* [Requirement]:
Beginning with the line containing "From Socotra, Yemen, Boswellia" and ending with the line containing "The toilet door", write out each line of the records below exactly; pictures and lines outside that range are left out.

* [Records shown]:

*** Block opens ***

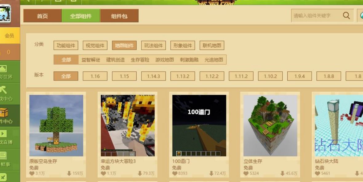 首頁 我的世界 問答 我的世界怎麼下地圖? 2022-08-23 接下來就介紹一下我的世界的相關攻略,想了解的小夥伴一起來看看吧。1、首先打開我的世界啟動器。2、點擊主界面上的組件中心。3、點擊上方的全部組件。4、點擊地圖組件,如圖所示。5、找到你想要下載的地圖,點進去,並點擊下載即可。
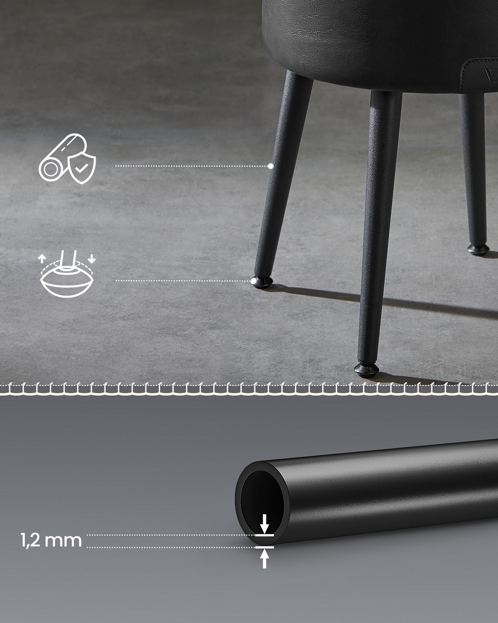 • Elegantes patas de acero con niveladores ajustables que proporcionan un aspecto moderno, soportan hasta 150 kg y garantizan estabilidad y larga durabilidad.
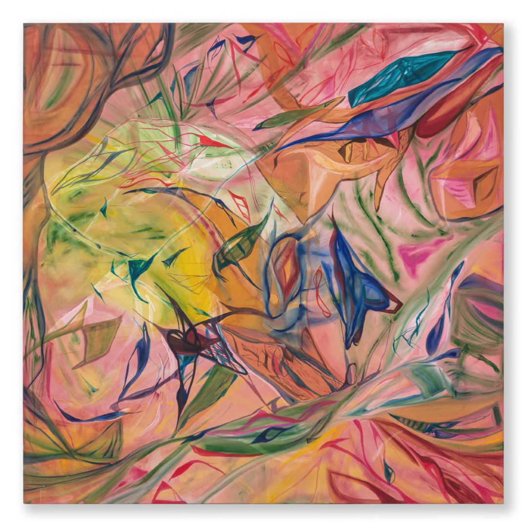 In Asking for a Stampede (2023), elementi rosa sgargiante, cobalto e arancio neon vorticano in un mare di forme chartreuse pallido e verde alga. La composizione si avvicina e si allontana da ogni lato e angolo, non offrendo un orientamento chiaro, concedendo all’osservatore la libertà di esplorare in qualsiasi direzione. Mentre l'occhio attraversa la tela, le sezioni più scure di colore foglia di tè intenso ci attirano più in profondità sotto la superficie, incoraggiando la contemplazione. Nel frattempo, macchie più luminose verde lime energizzano ed eccitano, sollevando il nostro sguardo sulla superficie poco profonda ed evocando un senso di anticipazione.
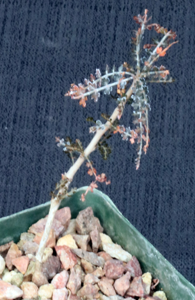 From Socotra, Yemen, Boswellia asplenifolia can be thought of as a higher-elevation form of B. socotrana. In habitat, these trees are tapped for their sap, which was the original frankincense, and the bark has that faint smell of incense. These plants are seedlings in 4-inch pots.
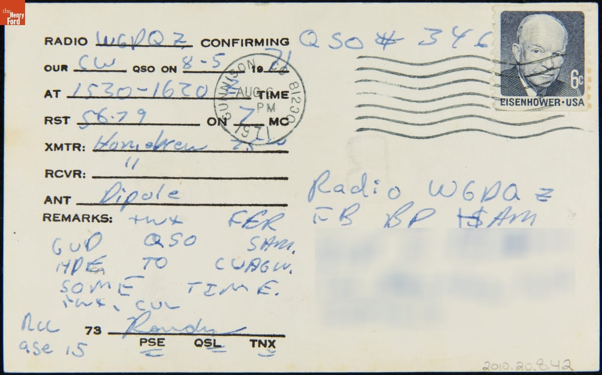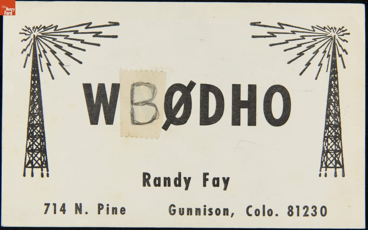 It was customary for ham radio operators (hams) to exchange these "QSL cards" with one another through the mail after their first conversation. Long-time hams amassed collections of thousands of cards, some from far-flung places. There is a story embedded in each example: the ham's call sign dominates the design, with additional details about location, reception reports, and weather conditions.
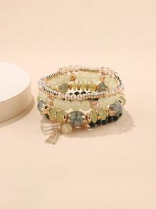 4pcs/Set Random Crystal Beaded Bracelet Boho Faux Agate Faux Pearl Tassel Chain Charm Beaded Bracelet Jewelry Gift For Women
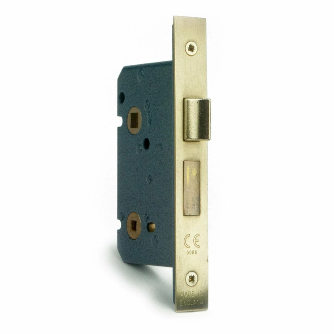 The toilet door lock (3501) has the same high security case as above and is supplied with a striker plate. The lock operates with 8mm spindles and with 5mm turn and release furniture to lock. The latchbolt is reversible to suit left or right opening doors.
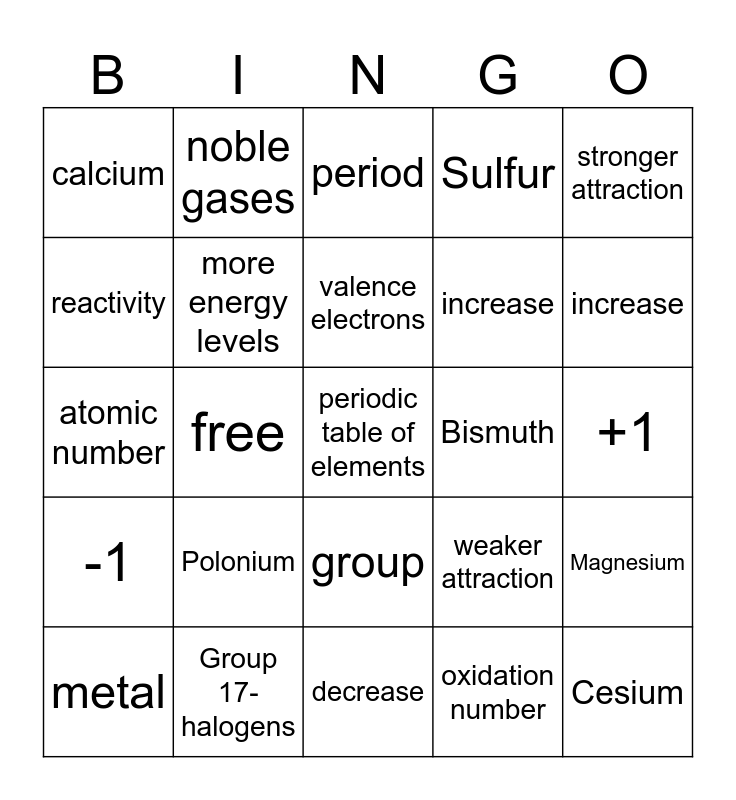 This bingo card has a free space and 24 words: Polonium, Group 17- halogens, valence electrons, metal, stronger attraction, calcium, reactivity, noble gases, Bismuth, group, increase, atomic number, weaker attraction, Magnesium, more energy levels, oxidation number, +1, period, increase, free, Cesium, -1, Sulfur and decrease.
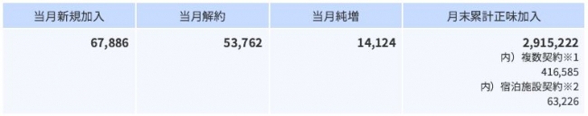 ※2:宿泊施設の客室で視聴するための宿泊施設事業者との契約については、視聴料金を個別に定めており、当該宿泊施設における契約客室の累計正味加入件(室)数は、月末累計正味加入件数に含めております。
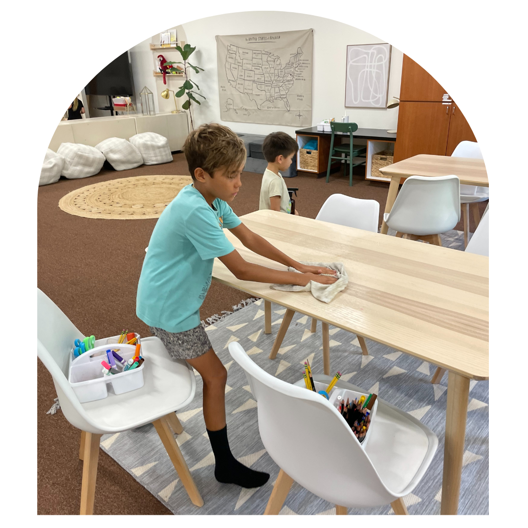 Students learn responsibility and stewardship by taking on daily studio maintenance tasks. From vacuuming and wiping down surfaces to caring for plants and sharpening pencils, every child takes ownership by playing a role in keeping our space clean and beautiful.
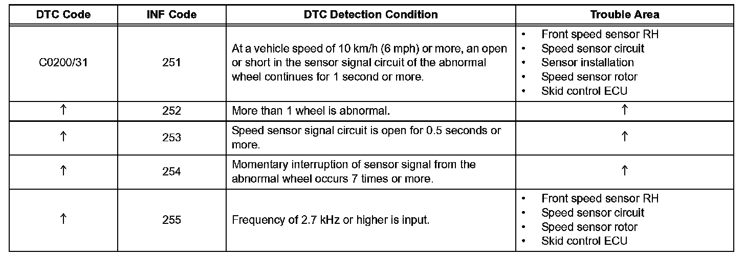 DTC C0200/31 Front Speed Sensor RH CircuitDESCRIPTION
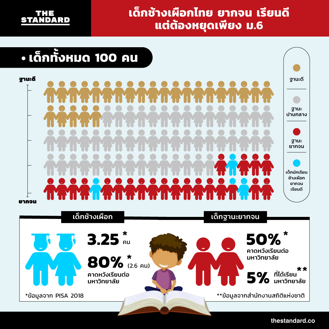 แต่ที่ผ่านมาพบว่า เด็กที่มีฐานะยากจนมีโอกาสที่จะได้เรียนต่อในระดับสูงกว่าระดับชั้น ม.6 น้อยมาก คือแค่ 5% เท่านั้น
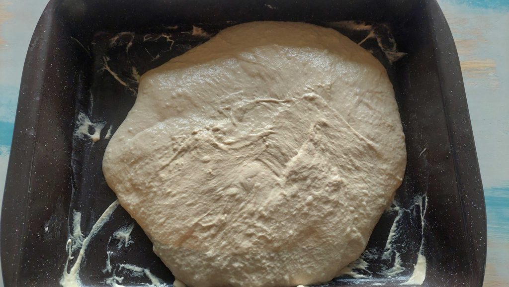 Die Zutaten vermischen und mindestens 24 Stunden ruhen lassen. Wenn sich viele kleine Bläschen gebildet haben, ist der Teig bereit für den nächsten Schritt.
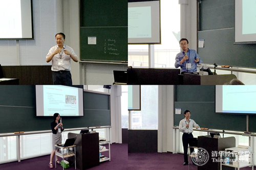 清华经管学院教授作专题报告(左上:党委书记、副院长、创新创业与战略系高建教授 右上:领导力与组织管理系张进教授 左下:市场营销系陈荣教授右下:管理科学与工程系黄朔教授)
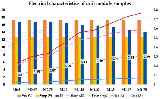 The unit module samples measured were combined. Various ratios of electrical mismatch were made and tested. In this experiment, unit module samples were manufactured by combining different areas using cells of the same grade. The mismatch ratio was determined by calculating the area ratio of the cell as the mismatch ratio. The ratio was calculated based on the difference between the small cell and the large area cell. That is, the mismatch ratio between 0.5 cell and 1 cell was calculated as (1 − 0.5) ÷ 0.5 = 100%. The predicted output is the arithmetic sum of the outputs of each unit module summarized in Table 8. The output of M0.5 + M1.0 sample is 2.66 Wp and 5.04 Wp. The sum of these two values is 7.70 Wp, and the estimated value is 7.7 Wp. All combinations of such parts were equally applied as measured values by connecting two unit modules in series. It does not significantly affect the overall trend. Table 9 summarizes the experimental results with different mismatch ratios based on a small area unit module of less than one cell.
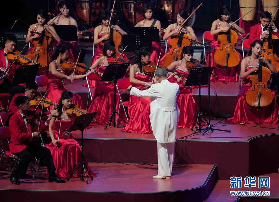 9月8日,演員在表演節(jié)目。當日,朝鮮在平壤體育館舉行國慶文藝演出。 新華社記者 邢廣利 攝
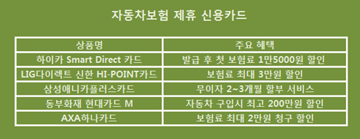 삼성화재와 삼성카드가 제휴를 맺은 삼성애니카플러스카드는 자동차보험료 결제 시 최대 3만원 할인과, 2~3개월 무이자 할부 서비스를 제공한다. 동부화재 현대카드 M도 보험료 결제 시 최대 3만원이 할인된다. 또 자동차 구입 시 최고 200만원까지 할인 받을 수 있다. AXA하나카드는 결제 시 2만원 청구할인되고, 무이자 2~3개월 할부도 가능하다.
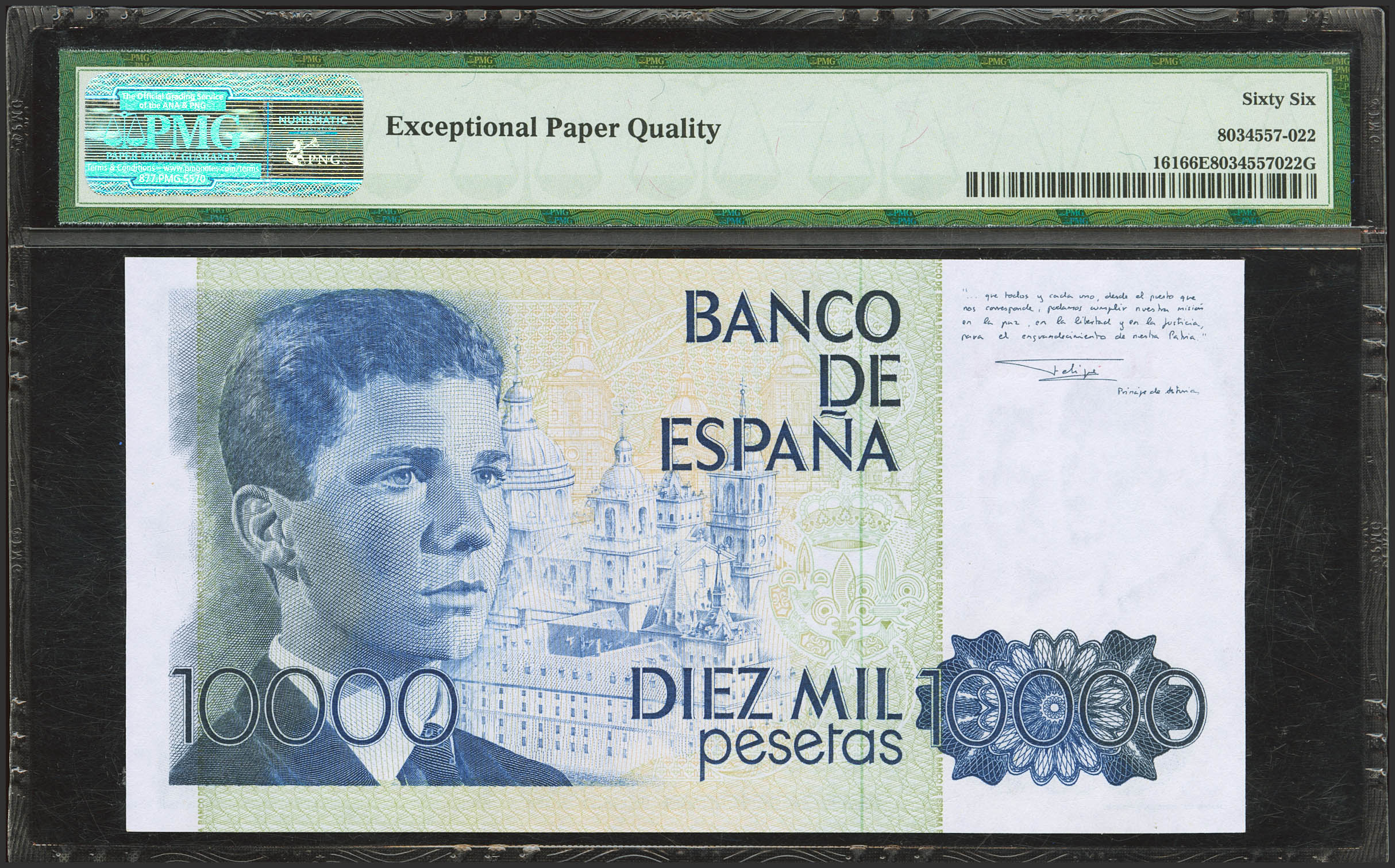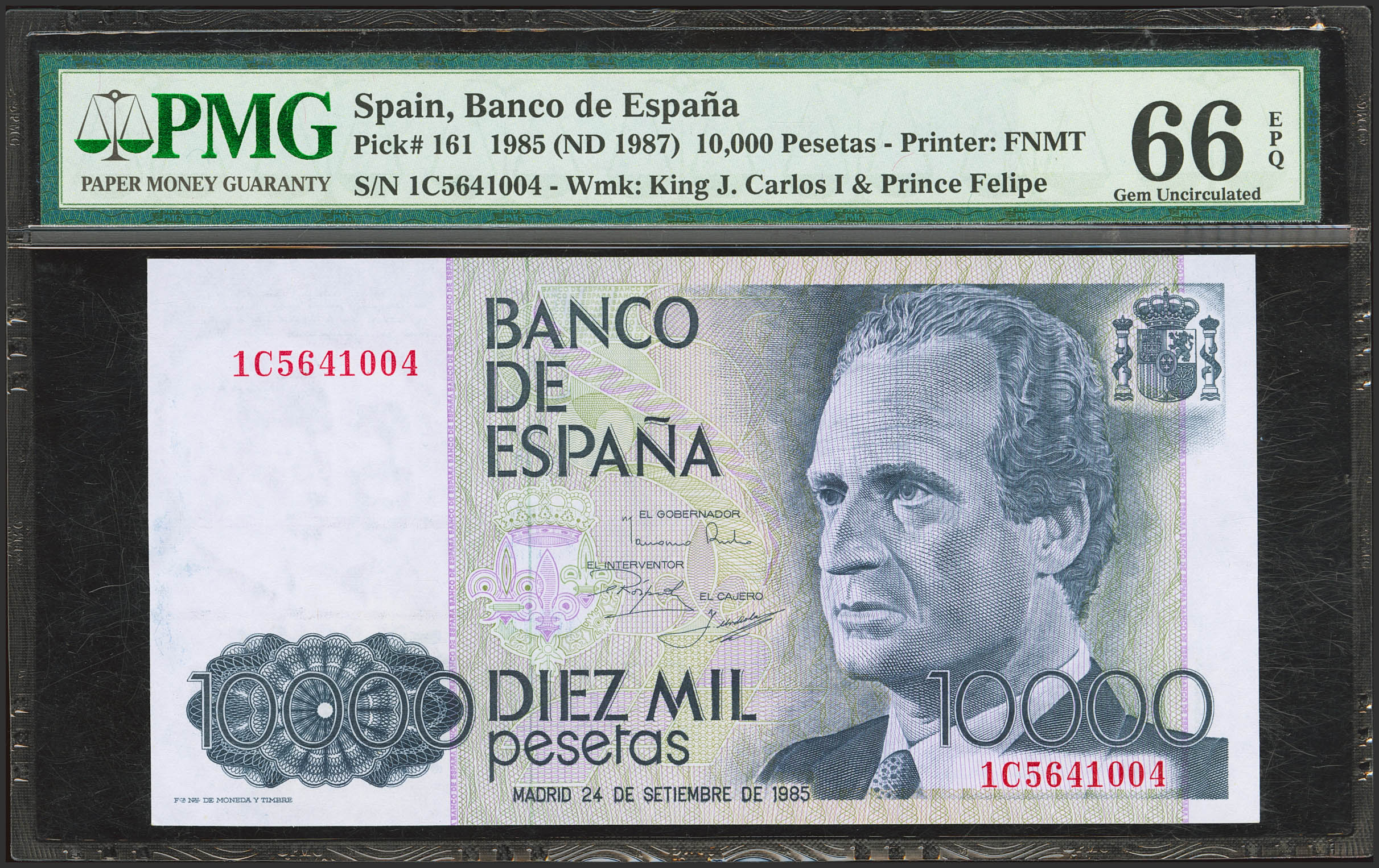 English 10,000 Pesetas. September 24, 1985. Series 1C. (Edifil 2023: 481a, Pick: 161). Uncirculated. PMG66EPQ package.

*** Block closes ***

* [Solution to this problem]:
 From Socotra, Yemen, Boswellia asplenifolia can be thought of as a higher-elevation form of B. socotrana. In habitat, these trees are tapped for their sap, which was the original frankincense, and the bark has that faint smell of incense. These plants are seedlings in 4-inch pots.
 It was customary for ham radio operators (hams) to exchange these "QSL cards" with one another through the mail after their first conversation. Long-time hams amassed collections of thousands of cards, some from far-flung places. There is a story embedded in each example: the ham's call sign dominates the design, with additional details about location, reception reports, and weather conditions.
 4pcs/Set Random Crystal Beaded Bracelet Boho Faux Agate Faux Pearl Tassel Chain Charm Beaded Bracelet Jewelry Gift For Women
 The toilet door lock (3501) has the same high security case as above and is supplied with a striker plate. The lock operates with 8mm spindles and with 5mm turn and release furniture to lock. The latchbolt is reversible to suit left or right opening doors.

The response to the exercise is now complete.